Besides the Nvidia documentation and SUSEPrime's use of this parameter, I also believe this is a valid parameter because the similar-to-SUSEPrime Optimus Manager manipulates this parameter, by placing options nvidia NVreg_DynamicPowerManagement=0x02 in one of the files in /etc/modprobe.d/, the kernel parameter value depending on one of its own configuration file parameters This nvidia kernel parameter option is set in (I think, I am not on Arch now) /etc/modprobe.d/nvidia.conf and there are no problems there.

Here is the ouput of prime-select log-view


##SUSEPrime logfile##
[ 22:24:10 ] user_logout_waiter: started
[ 22:42:23 ] service restored by user
[ 22:46:32 ] Boot: forcing booting with nvidia, boot preference ignored
[ 22:46:34 ] updated /home/brook/.config/kdeglobals
[ 22:46:34 ] NVIDIA card correctly set
[ 22:46:34 ] HotSwitch: completed!
[ 00:51:53 ] Boot: setting-up nvidia card
[ 17:27:29 ] Boot: setting-up nvidia card
[ 17:35:27 ] Boot: setting-up nvidia card
[ 17:39:01 ] user_logout_waiter: started
[ 17:39:13 ] user_logout_waiter: X restart detected, preparing switch to offload
[ 17:39:16 ] Adding support for NVIDIA Prime Render Offload
[ 17:39:16 ] Intel card correctly set
[ 17:39:16 ] HotSwitch: starting Display Manager
[ 17:39:16 ] HotSwitch: completed!
[ 23:05:57 ] Boot: setting-up offload card
[ 01:04:21 ] user_logout_waiter: started
[ 22:38:29 ] Boot: setting-up offload card
[ 16:20:57 ] Boot: setting-up offload card
[ 15:27:10 ] Boot: setting-up offload card
[ 16:18:46 ] Boot: setting-up offload card
[ 20:35:02 ] Boot: nvidia.prime=offload kernel parameter detected!

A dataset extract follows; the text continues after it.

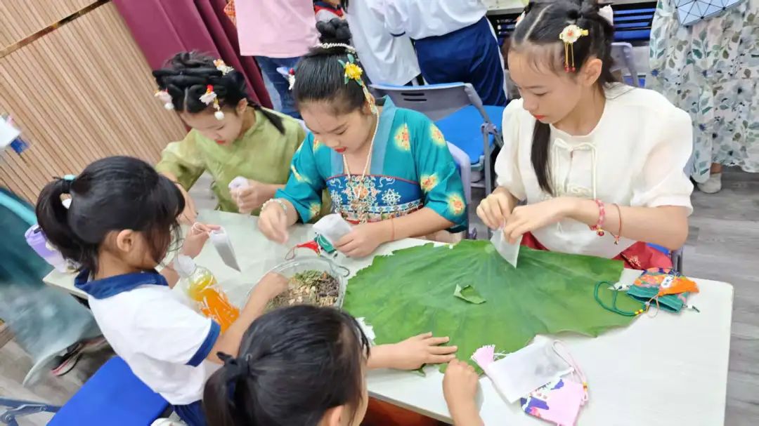 “端午荷风手作体验” 环节,大家以艾草、干荷叶等草药制作端午香囊,并在“烈士寄语卡”上写下感悟。

[ 20:35:02 ] Boot: setting-up offload card
[ 21:25:55 ] Boot: nvidia.prime=offload kernel parameter detected!
[ 21:25:55 ] Boot: setting-up offload card
[ 16:36:50 ] Boot: setting-up offload card
[ 14:16:13 ] Boot: setting-up offload card
[ 22:28:39 ] Boot: setting-up offload card
[ 18:42:13 ] Boot: setting-up offload card
[ 18:46:20 ] Boot: setting-up offload card
[ 20:07:13 ] Boot: setting-up offload card
[ 20:11:47 ] Boot: nvidia.prime=offload kernel parameter detected!

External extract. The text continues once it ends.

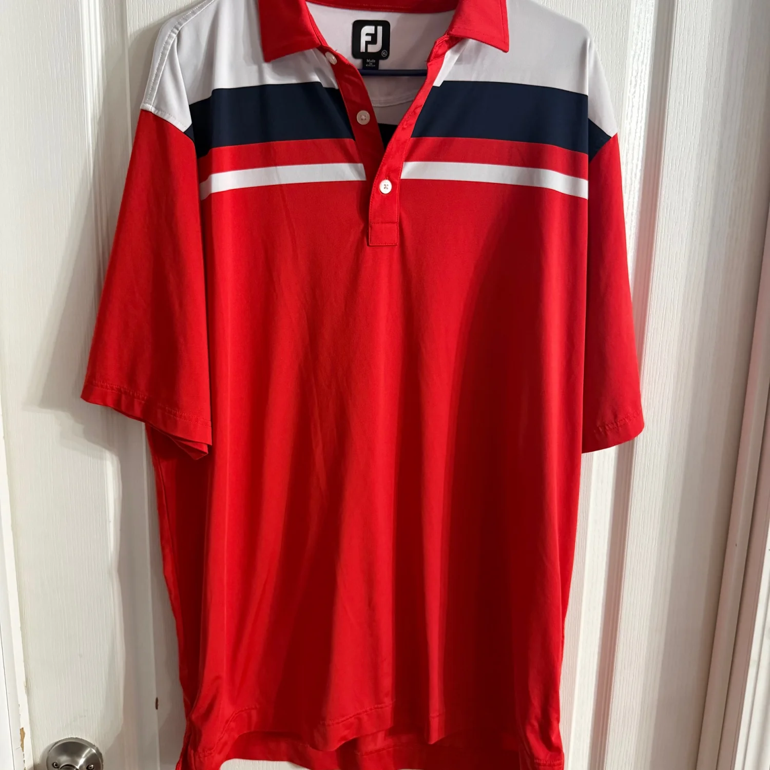FJ FootJoy Men’s Red White Blue Men’s Polo Sz XL. F-166

[ 20:11:47 ] Boot: setting-up offload card
[ 19:07:14 ] Boot: setting-up offload card
[ 19:14:38 ] Boot: setting-up offload card
[ 19:50:46 ] Boot: setting-up nvidia card
[ 21:28:51 ] Boot: nvidia.prime=offload kernel parameter detected!
[ 21:28:51 ] Boot: setting-up offload card
[ 21:33:06 ] Boot: setting-up nvidia card
[ 21:37:10 ] user_logout_waiter: started
[ 21:37:24 ] user_logout_waiter: X restart detected, preparing switch to offload
[ 21:37:26 ] Adding support for NVIDIA Prime Render Offload
[ 21:37:26 ] Intel card correctly set
[ 21:37:26 ] HotSwitch: starting Display Manager
[ 21:37:27 ] HotSwitch: completed!
[ 11:30:46 ] Boot: setting-up nvidia card
[ 13:34:49 ] Boot: setting-up nvidia card
[ 13:44:55 ] user_logout_waiter: started
[ 13:48:31 ] Boot: setting-up nvidia card
[ 16:13:44 ] Boot: setting-up nvidia card
[ 16:13:46 ] updated /home/brook/.config/kdeglobals
[ 16:13:46 ] NVIDIA card correctly set
[ 16:13:46 ] HotSwitch: completed!
[ 00:32:04 ] Boot: nvidia.prime=offload kernel parameter detected!
[ 00:32:04 ] Boot: setting-up offload card
[ 16:40:46 ] Boot: setting-up nvidia card
[ 20:30:41 ] Boot: setting-up nvidia card
[ 14:05:57 ] Boot: nvidia.prime=offload kernel parameter detected!
[ 14:05:57 ] Boot: setting-up offload card
[ 14:12:25 ] Boot: setting-up nvidia card
[ 20:11:58 ] user_logout_waiter: started
[ 15:34:48 ] Boot: setting-up nvidia card
[ 15:34:51 ] updated /home/brook/.config/kdeglobals
[ 15:34:51 ] NVIDIA card correctly set
[ 15:34:51 ] HotSwitch: completed!
[ 14:38:30 ] Boot: setting-up nvidia card
[ 14:38:32 ] updated /home/brook/.config/kdeglobals
[ 14:38:32 ] NVIDIA card correctly set
[ 14:38:32 ] HotSwitch: completed!
(END)
sndirsch commented 2 years ago

Ok. Looks good so far now. Of course you can also set NVreg_DynamicPowerManagement=0x02 if it's stable for you. You were totally right by setting nvidia.prime=offload as kernel boot option. This option is being evaluated by the startup script. And It's also documented. I think we can close this now as WORKSFORME with the fresh installation of G06 driver packages.